The Top of The World is Melting
The Arctic permafrost is melting, releasing vast amounts of greenhouse gases. The world now has to rethink how it tackles climate change.
CHARLES Miller rides plumes of greenhouse gases ”like a roller-coaster” at the top of the world. The NASA scientist is one of a handful of researchers taking part in a remarkable experiment that few people have heard of, but which could prove to be one of the most crucial pieces of scientific field work so far this century.
For now, the findings are under wraps. ”But I think ‘tantalising’ is probably the right word,” he says.
Miller’s mission has fresh urgency in light of a new report that was due to be released on Tuesday night at the UN climate change negotiations in Doha, Qatar.
The Arctic permafrost is thawing. Ancient forests locked under ice tens of thousands of years ago are beginning to melt and rot, releasing vast amounts of greenhouse gases, according to the report, Policy Implications of Warming Permafrost.
While countries the size of Australia tally up their greenhouse emissions in hundreds of millions of tonnes, the Arctic’s stores are measured in the tens of billions of tonnes.
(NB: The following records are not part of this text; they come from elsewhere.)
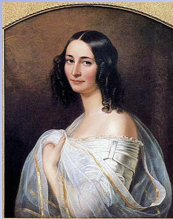
Эрнестина Тютчева (Дернберг), вторая жена поэта
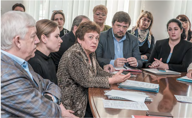
Секция «Социальная сфера» собрала педагогов, учёных, музыкантов...

В 2017 году Троицк продлил статус наукограда, для чего в 2016-м был принят фундаментальный документ – Стратегия социально-экономического развития Троицка до 2032 года. Прошло четыре года, и настал момент её актуализировать – то есть учесть, какие её проекты шагнули вперёд, какие – застряли на месте или «ушли в песок», а какие, наоборот, за это время появились.
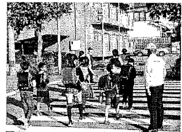
見守り活動の実施状況
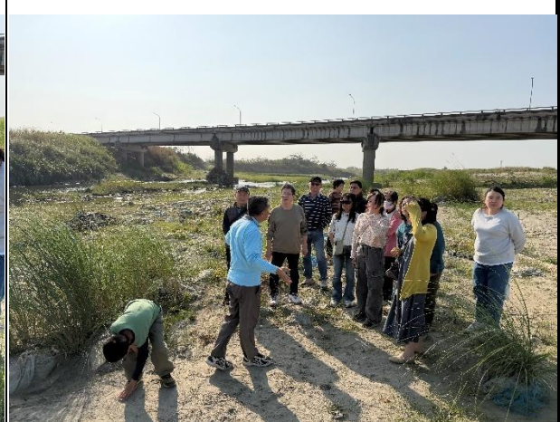
活動說明：學校老師利用週三下午組 隊沿溪邊檢拾垃圾
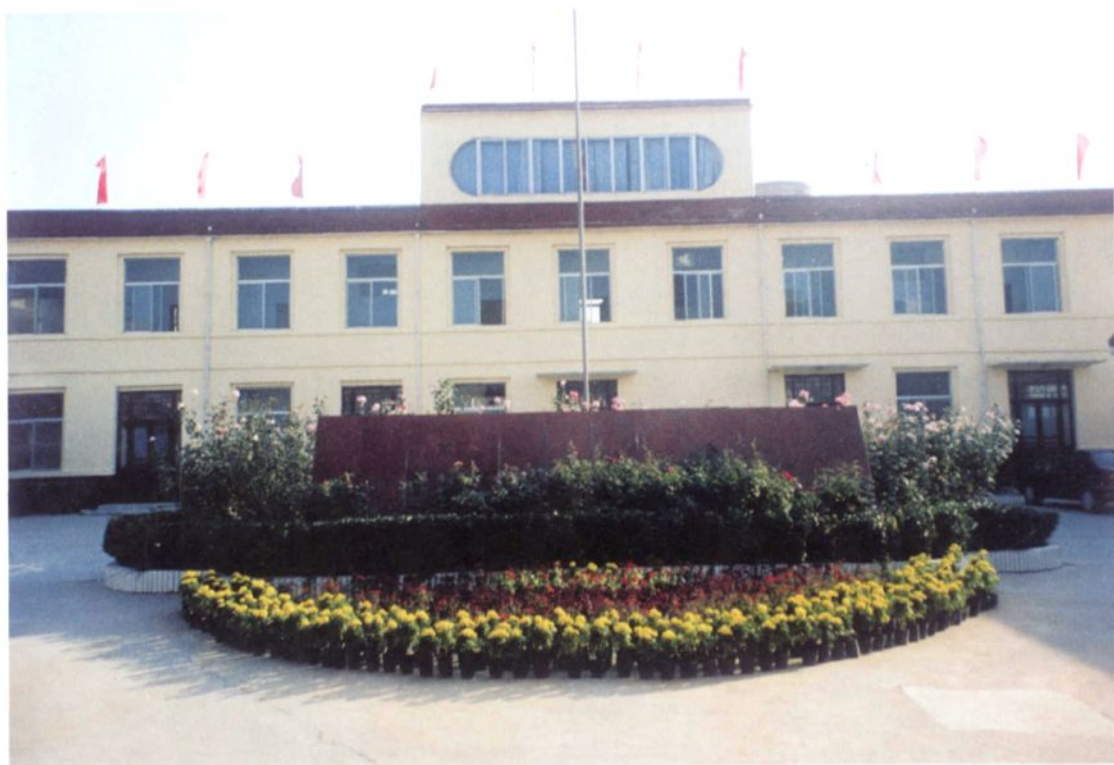
▲ 威县人民代表大会常务委员会办公大楼
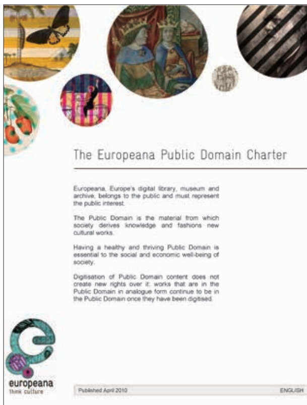
圖2 Europeana公共領域憲章封面 取自 https://pro.europeana.eu/post/the-europeana-public-domain-charter ，檢索日期：2018年6月12日。
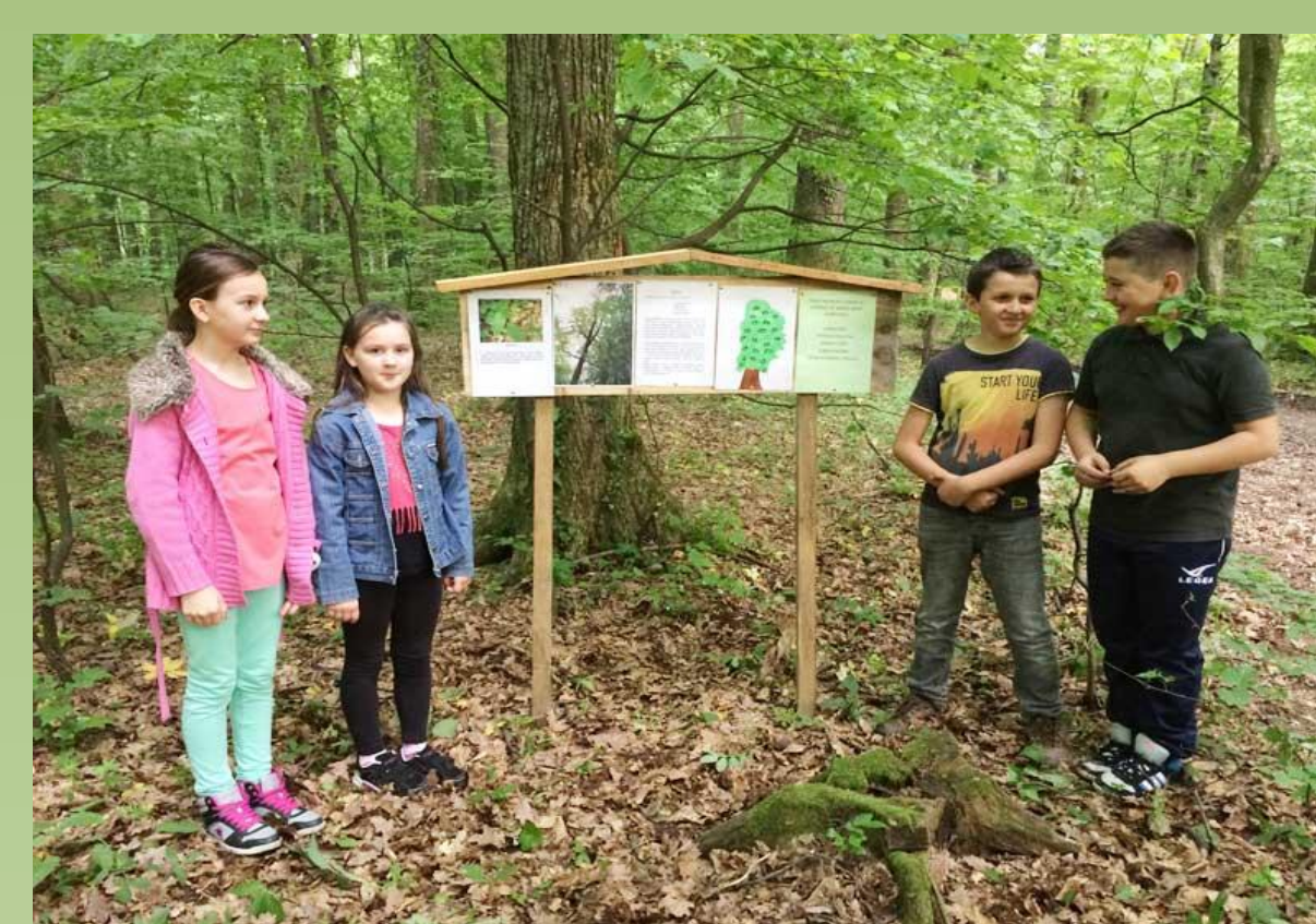
( http://portal.hrsume.hr/index.php/hr/turizam/kola-u-umi ).

Rezultati intervjua prije provedenih aktivnosti vezanih uz šumski ekosustav ukazali su na nedovoljno znanje o uzgoju i zaštiti šuma, dok su rezultati nakon provedenih edukativnih aktivnosti bili statistički značajno bolji. Ukupno su učenici 1. i 4. razreda nakon održanog integriranog dana i provedene terenske nastave u šumi dali 96% točnih i 4% netočnih odgovora o uzgoju i zaštiti šuma, za razliku od intervjua prije održanih aktivnosti kada su dali svega 56% točnih i čak 44% netočnih odgovora.

Human emissions now appear to have warmed the Arctic enough to unlock this vast carbon bank, with stark implications for international efforts to hold global warming to a safe level.
This is a ”tipping point” – a scenario predicted by scientists where the climate becomes trapped in a vicious cycle of warming. That process now seems to be starting.
”The permafrost carbon feedback is irreversible on human time scales,” the report says. ”Overall, these observations indicate that large-scale thawing of permafrost may already have started.”
It estimates the greenhouse gases leaking from the Arctic will eventually add more to emissions than last year’s combined carbon output of the US and Europe – which means current global plans to hold climate change to an average 2-degree temperature rise this century are now likely to be wrong.